WHAT THIS TASK INVOLVES. Copy each line below in which the string "POPULAR" appears.

MATERIAL TO PROCESS.

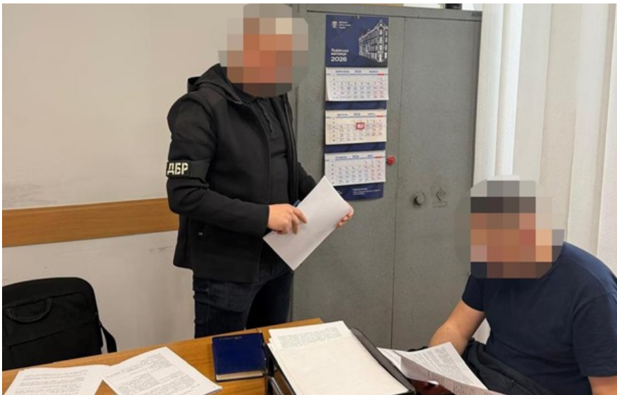
ДБР повідомили про підозру інспектору Львівської митниці

Він безперешкодне ввезення зарядних станцій, акумуляторів та ігрових консолей на майже 7 млн грн з Польщі без сплати митних платежів.
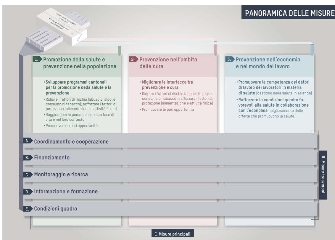
Figura 2: Piano di misure MNT 2021-2024

La strategia MNT definisce due aree d'intervento (AI), che sono sostenute da cinque misure trasversali: Promozione della salute e prevenzione (AI 1) Prevenzione nell'ambito delle cure (AI 2). Il relativo piano di misure MNT ( figura 2 ) definisce le misure necessarie per migliorare il coordinamento tra gli attori, aumentare l'efficienza della prevenzione e della promozione della salute e raggiungere gli obiettivi della strategia MNT.
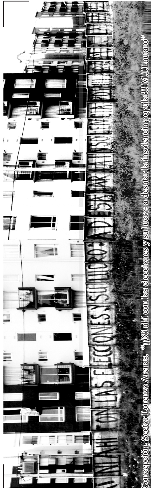
Concepción, Sector Lorenzo Arenas. “¡¡NI AHÍ CON LAS ELECCIONES Y SU LUCRO: A DESAJAR LA INSOLENCIA POPULAR!! M.J.L. LAUTARO”

Fuego en cada calle, fuego en cada pasaje. Unos buscando colchones viejos y neumáticos para quemar, otros preparando los materiales para resistir y desalojar a la represión de la población, “cada uno en la suya, pero todos en la misma” . Es la generación del “Pueblo en Llamas” , una generación de jóvenes populares que se hizo subversiva para pirar a la dictadura y para vivir en plenitud. Del calor de las protestas de inicios de los ochenta y en las orgías del Pueblo en Llamas es de donde nace el MJL, “instrumento del pueblo rebelde”, lanzándose en las esquinas populares con la consigna “¡¡JUVENTUD POPULAR: A LUCHAR!!” .
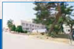
関原中学校(徒歩6分)
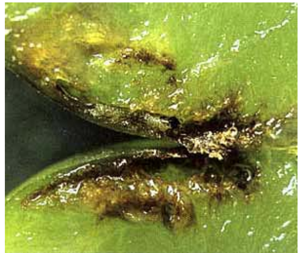
Coupe d'une baie attaquée lors de la deuxième génération.
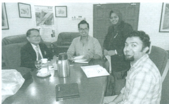
เราจากแนวทางการส่งนักศึกษาและบุคลากรเข้าร่วมโครงการแลกเปลี่ยนกับทีมงานด้านต่างประเทศและดูงานห้องเรียนหลักสูตรระยะสั้น
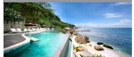
アヤナリゾート&スパ(バリ) 1泊に必要なクラブポイント数: 7,500 - スタンダードルーム 6,500 - リンパ・ジンバラ・バリ・バイ・ アヤナのジンバラ・ペイルーム §
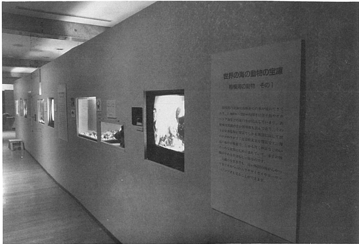
特別展「相模湾の動物」
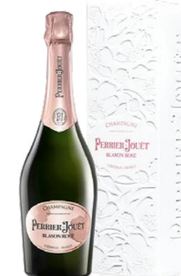
Perrier-Jouët Blason Rosé Gift box
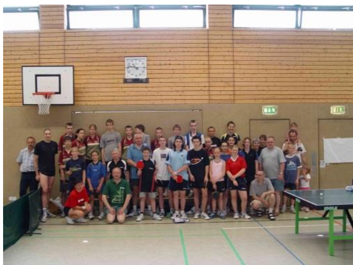
Sporthalle Klint mit RSVer und den Gästen aus Zawatzkie
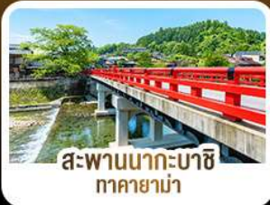
สะพานนากะบาชิ ทาคายาม่า
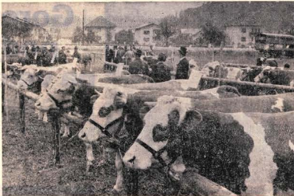
Po sedmih letih je bila v nedeljo v Naklem spet živinorejska razstava.
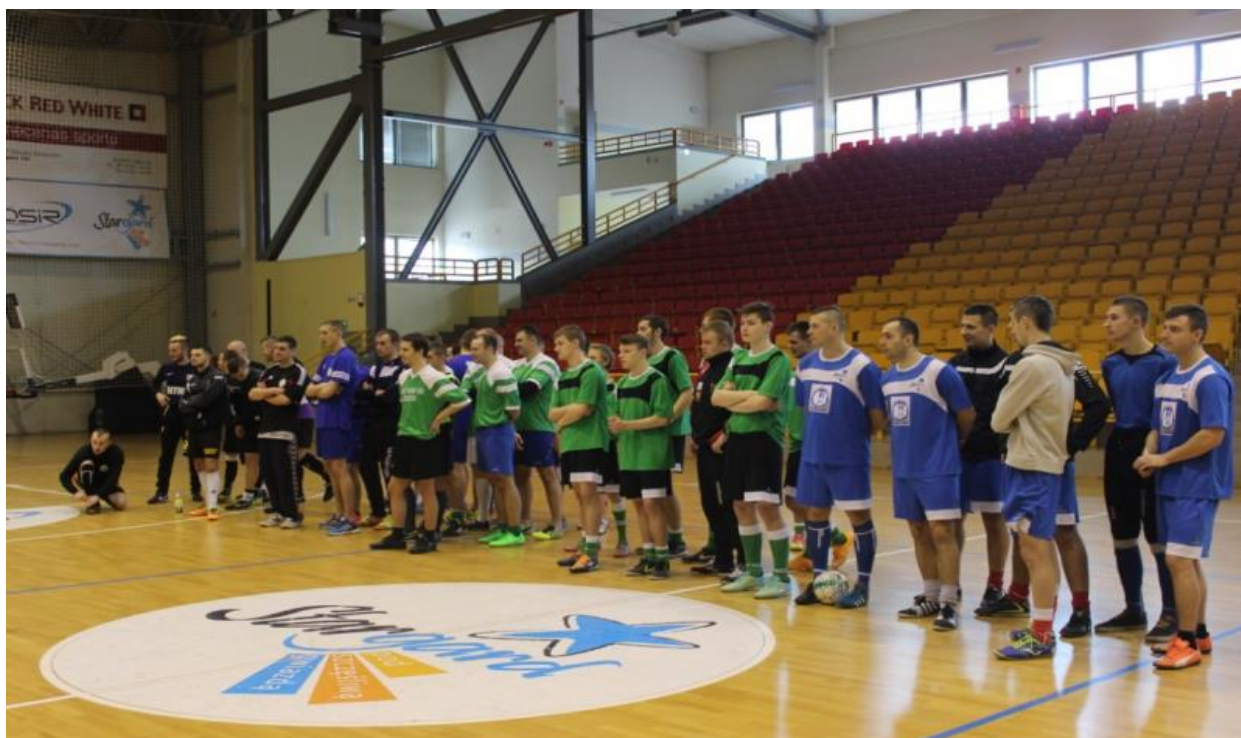
XX-ty Halowy Turniej Piłki Nożnej Klubów Abstynenta Województwa Zachodniopomorskiego
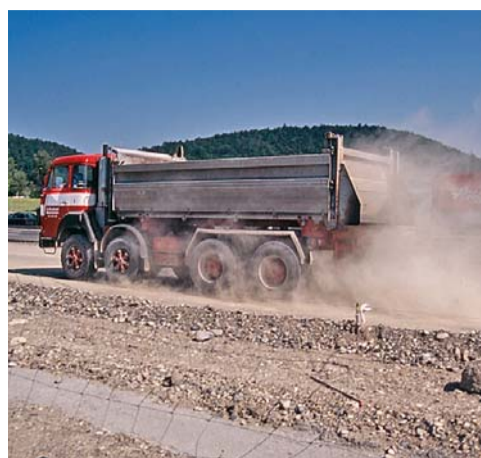
BUWAL / Docuphot. 2005

WRITTEN SOLUTION.
Concepción, Sector Lorenzo Arenas. “¡¡NI AHÍ CON LAS ELECCIONES Y SU LUCRO: A DESAJAR LA INSOLENCIA POPULAR!! M.J.L. LAUTARO”
Fuego en cada calle, fuego en cada pasaje. Unos buscando colchones viejos y neumáticos para quemar, otros preparando los materiales para resistir y desalojar a la represión de la población, “cada uno en la suya, pero todos en la misma” . Es la generación del “Pueblo en Llamas” , una generación de jóvenes populares que se hizo subversiva para pirar a la dictadura y para vivir en plenitud. Del calor de las protestas de inicios de los ochenta y en las orgías del Pueblo en Llamas es de donde nace el MJL, “instrumento del pueblo rebelde”, lanzándose en las esquinas populares con la consigna “¡¡JUVENTUD POPULAR: A LUCHAR!!” .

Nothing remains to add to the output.